José Luis Ábalos, secretario de Organización del PSOE - EFE | Vídeo: EP

El PSOE carga contra Ciudadanos y dice que la investidura será pronto

Ábalos transmite a Podemos que «cooperar no significa un Gobierno de coalición»

MadridActualizado:

El secretario de Organización, José Luis Ábalos, ha asegurado hoy lunes que la sesión de investidura de Pedro Sánchez será «en breve». Aunque ha dicho «no poder precisar» en qué fecha será sí ha vuelto a dejar claro que a la investidura «nos presentaremos», alejando cualquier posibilidad de que Sánchez renuncie al encargo por falta de apoyos.

Ábalos ha vuelto a insistir en esta idea, que en caso de una investidura fallida activaría el plazo de dos meses para disolver las Cortes y convocar nuevas elecciones. Aunque el número tres del PSOE considera que ese planteamientos es meramente descriptivo lo cierto es que introduce un elemento de presión sobre los potenciales aliados.

Es decir, la idea de los socialistas es tener en breve determinada una fecha para esa investidura. «Ni siquiera vamos a entrar en una espiral de condicionar la investidura de si hay apoyos o no hay apoyos. A la investidura nos presentaremos porque la prioridad es que haya Gobierno en España». Cuando el calendario se clarifique «los apoyos se decidirán en aquel momento».

A día de hoy el puzzle que pretende armar Pedro Sánchez sigue sin encajar. Y la estrategia de los socialistas sigue siendo de amplio espectro. Una apelación general a todas las fuerzas políticas para que permitan que la legislatura arranque pero sin señalar una hoja de ruta clara y sin poner encima de la mesa ofertas concretas a esos potenciales aliados.

En el caso de las negociaciones con Podemos, Ábalos ha vuelto a no cerrar la puerta a la incorporación de algún integrante de la formación de Pablo Iglesias en el Gobierno, aunque ha dicho que lo tendrá que decidir el presidente y ha querido no condicionar ese punto a la negociación de la investidura.
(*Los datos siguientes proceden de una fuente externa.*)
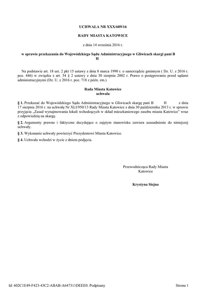 UCHWAŁA NR XXX/609/16 RADY MIASTA KATOWICE z dnia 14 września 2016 r. w sprawie przekazania do Wojewódzkiego Sądu Administracyjnego w Gliwicach skargi pani B H Na podstawie art. 18 ust. 2 pkt 15 ustawy z dnia 8 marca 1990 r. o samorządzie gminnym ( Dz. U. z 2016 r. poz. 446) w związku z art. 54 § 2 ustawy z dnia 30 sierpnia 2002 r. Prawo o postępowaniu przed sądami administracyjnymi (Dz. U. z 2016 r. poz. 718 z późn. zm.) Rada Miasta Katowice uchwala § 1. Przekazać do Wojewódzkiego Sądu Administracyjnego w Gliwicach skargę pani B H z dnia 17 sierpnia 2016 r. na uchwałę Nr XLI/950/13 Rady Miasta Katowice z dnia 30 października 2013 r. w sprawie przyjęcia „Zasad wynajmowania lokali wchodzących w skład mieszkaniowego zasobu miasta Katowice” wraz z odpowiedzią na skargę. § 2. Argumenty prawne i faktyczne decydujące o zajętym stanowisku zawiera uzasadnienie do niniejszej uchwały. § 3. Wykonanie uchwały powierzyć Prezydentowi Miasta Katowice. § 4. Uchwała wchodzi w życie z dniem podjęcia. Przewodnicząca Rady Miasta Katowice Krystyna Siejna Id: 602C1E49-F423-43C2-ABAB-A647311DEEE0. Podpisany Strona 1 Uzasadnienie Pismem z dnia 5 maja 2016 r. skierowanym do Rady Miasta Katowice pani B H wezwała Radę do usunięcia naruszania prawa polegającego na niezgodnymi z art. 4 ust. 1 i 2, art. 6a i 6b, art. 21 ust. 1 pkt 2 oraz art. 21 ust. 3 ustawy z dnia 21 czerwca 2001 r. o ochronie praw lokatorów, mieszkaniowym zasobie gminy i o zmianie Kodeksu cywilnego uregulowaniami uchwały Nr XLI/950/13 Rady Miasta Katowice z dnia 30 października 2013 r. w sprawie przyjęcia „Zasad wynajmowania lokali wchodzących w skład mieszkaniowego zasobu miasta Katowice”, w zakresie § 39 ust. 1 pkt 1. Pani B H wniosła, iż ww. regulacja narusza przepisy ustawy o ochronie praw lokatorów w zakresie wprowadzenia kryterium 5-letniego okresu zamieszkiwania z najemcą w lokalu do chwili rozwiązania umowy najmu przez najemcę, opuszczenia go i wymeldowania najemcy lub śmierci najemcy i domaga się zmiany uchwały. Rada Miasta Katowice uchwałą Nr XXVII/567/16 z dnia 29 czerwca 2016 r. w sprawie rozpatrzenia wezwania pani Bożeny Hofstede do usunięcia naruszenia prawa, nie uwzględniła wezwania do usunięcia naruszenia prawa. W uzasadnieniu do ww. uchwały wskazano, że zgodnie z art. 4 ust. 1 i 2 ustawy z dnia 21 czerwca 2001 r. o ochronie praw lokatorów, mieszkaniowym zasobie gminy i o zmianie Kodeksu cywilnego „Tworzenie warunków do zaspokajania potrzeb mieszkaniowych wspólnoty samorządowej należy do zadań własnych gminy. Gmina, na zasadach i w wypadkach przewidzianych w ustawie, zapewnia lokale socjalne i lokale zamienne, a także zaspokaja potrzeby mieszkaniowe gospodarstw domowych o niskich dochodach.” Rada gminy w drodze uchwały tworzy zasady wynajmowania lokali wchodzących w skład mieszkaniowego zasobu gminy, które zgodnie z art. 21 ust. 3 ustawy powinny określać w szczególności: 1) wysokość dochodu gospodarstwa domowego uzasadniającą oddanie w najem lub w podnajem lokalu na czas nieoznaczony i lokalu socjalnego, oraz wysokość dochodu gospodarstwa domowego uzasadniającą zastosowanie obniżek czynszu; 2) warunki zamieszkiwania kwalifikujące wnioskodawcę do ich poprawy; 3) kryteria wyboru osób, którym przysługuje pierwszeństwo zawarcia umowy najmu lokalu na czas nieoznaczony i lokalu socjalnego; 4) warunki dokonywania zamiany lokali wchodzących w skład mieszkaniowego zasobu gminy oraz zamiany pomiędzy najemcami lokali należących do tego zasobu a osobami zajmującymi lokale w innych zasobach; 5) tryb rozpatrywania i załatwiania wniosków o najem lokali zawierany na czas nieoznaczony i o najem lokali socjalnych oraz sposób poddania tych spraw kontroli społecznej; 6) zasady postępowania w stosunku do osób, które pozostały w lokalu opuszczonym przez najemcę lub w lokalu, w którego najem nie wstąpiły po śmierci najemcy; 7) kryteria oddawania w najem lokali o powierzchni użytkowej przekraczającej 80 m2. Biorąc pod uwagę zakres uprawnienia wynikający z ww. regulacji gmina w uchwale winna określić zasady regulujące kwestię zawartą w pkt 6. W mieście Katowice powyższą kwestię regulują przepisy § 39 ww. uchwały. Zgodnie z § 39 ust. 1 załącznika do uchwały Nr XLI/950/13 Rady Miasta Katowice z dnia 30 października 2013 r., w sprawie przyjęcia „Zasad wynajmowania lokali wchodzących w skład mieszkaniowego zasobu miasta Katowice” z osobami, które do dnia wejścia w życie ustawy z dnia 21 czerwca 2001 r., o ochronie praw lokatorów, mieszkaniowym zasobie gminy i o zmianie Kodeksu cywilnego, zamieszkiwały i pozostały w lokalu po rozwiązaniu umowy najmu przez najemcę, opuszczeniu go i wymeldowaniu najemcy lub pozostały w lokalu po śmierci najemcy i nie wstąpiły w stosunek najmu w trybie art. 691 § 2 Kodeksu cywilnego może zostać zawarta umowa najmu pod warunkiem, że: 1) zamieszkiwały z najemcą w lokalu do chwili rozwiązania umowy najmu przez najemcę, opuszczenia go i wymeldowania najemcy lub śmierci najemcy, jednak przez ciągły okres najmu nie krótszy niż 5 lat, poprzedzający rozwiązanie z najemcą umowy najmu lokalu, 2) nie posiadają tytułu prawnego do innego lokalu mieszkalnego, 3) utrzymują lokal w należytym stanie technicznym i sanitarnym, 4) przestrzegają regulaminu porządku domowego, 5) opłacają odszkodowanie za zajmowanie lokalu bez tytułu prawnego. Id: 602C1E49-F423-43C2-ABAB-A647311DEEE0. Podpisany Strona 1 Na podstawie ust. 2 z osobami, które po dniu wejścia w życie ustawy z dnia 21 czerwca 2001 r., o ochronie praw lokatorów, mieszkaniowym zasobie gminy i o zmianie Kodeksu cywilnego, zamieszkały i pozostały w lokalu po opuszczeniu go i wymeldowaniu najemcy lub pozostały w lokalu po śmierci najemcy i nie wstąpiły w stosunek najmu w trybie art. 691 Kodeksu cywilnego może zostać zawarta umowa najmu lokalu jeżeli spełniają warunki określone w ust. 1 i kry

El ministro de Fomento ha defendido la «experiencia novedosa» del Gobierno de cooperación pero ha dejado claro que «cooperar no significa un Gobierno de coalición».

Mientras esa vía sigue siendo la principal, aunque a posteriori hay que encajar otras pequeñas piezas, los socialistas no dejan de presionar a PP y Ciudadanos para que facilite la investidura. El PSOE se centra en incidir sobre la formación de Albert Rivera para explotar las presiones internas y externas que puede sufrir Cs en este proceso.

Ábalos ha dicho que Cs podría haber tenido mucho más protagonismo municipal de haber aceptado alcanzar acuerdos con el PSOE, y ha criticado la «instrucción dirigida» desde la dirección de Rivera para «impedir que sus organizaciones territoriales tuvieran siquiera algún margen de autonomía». En un momento dado, ha recomendado a Rivera «que se integre en el PP» al no percibir diferencia entre ambos proyectos. «No acabamos de entender la fijación del señor Rivera con el PSOE», ha lamentado Ábalos.

Dese Ferraz se critica que «racionalmente no se sostiene» que Cs justifique su existencia en combatir el nacionalismo y evitar su influencia en los gobiernos y ahora mantener esta posición en las negociaciones porque «en tu mano está que no ocurra eso y en nuestra voluntad está que no ocurra eso», ha señalado Ábalos intentando establecer un punto de encuentro. Eso sí, los socialistas no plantean ninguna oferta concreta a Ciudadanos para intentar recabar esos apoyos: «Ofrecemos al PP y Cs lo que ellos mismos están pidiendo, que empiece la legislatura».

Los números siguen sin cuadrar. Los socialistas preferirían no tener que contar con la abstención de ERC, que con el apoyo de Pablo Iglesias sería suficiente. Tras el acuerdo para hacer a Ada Colau alcaldesa de Barcelona en detrimento de Ernest Maragall, Ábalos ha defendido que «en Barcelona se ha hecho lo que tenía que hacer con independencia de su afectación». Lo cierto es que, al menos en público, los socialistas intentan alejarse de la posibilidad de cualquier negociación con ellos: «Yo no puedo hablar por ERC. No sé qué van a hacer. Nuestra experiencia es que no sabemos nunca lo que van a hacer. Una investidura así tampoco interesa».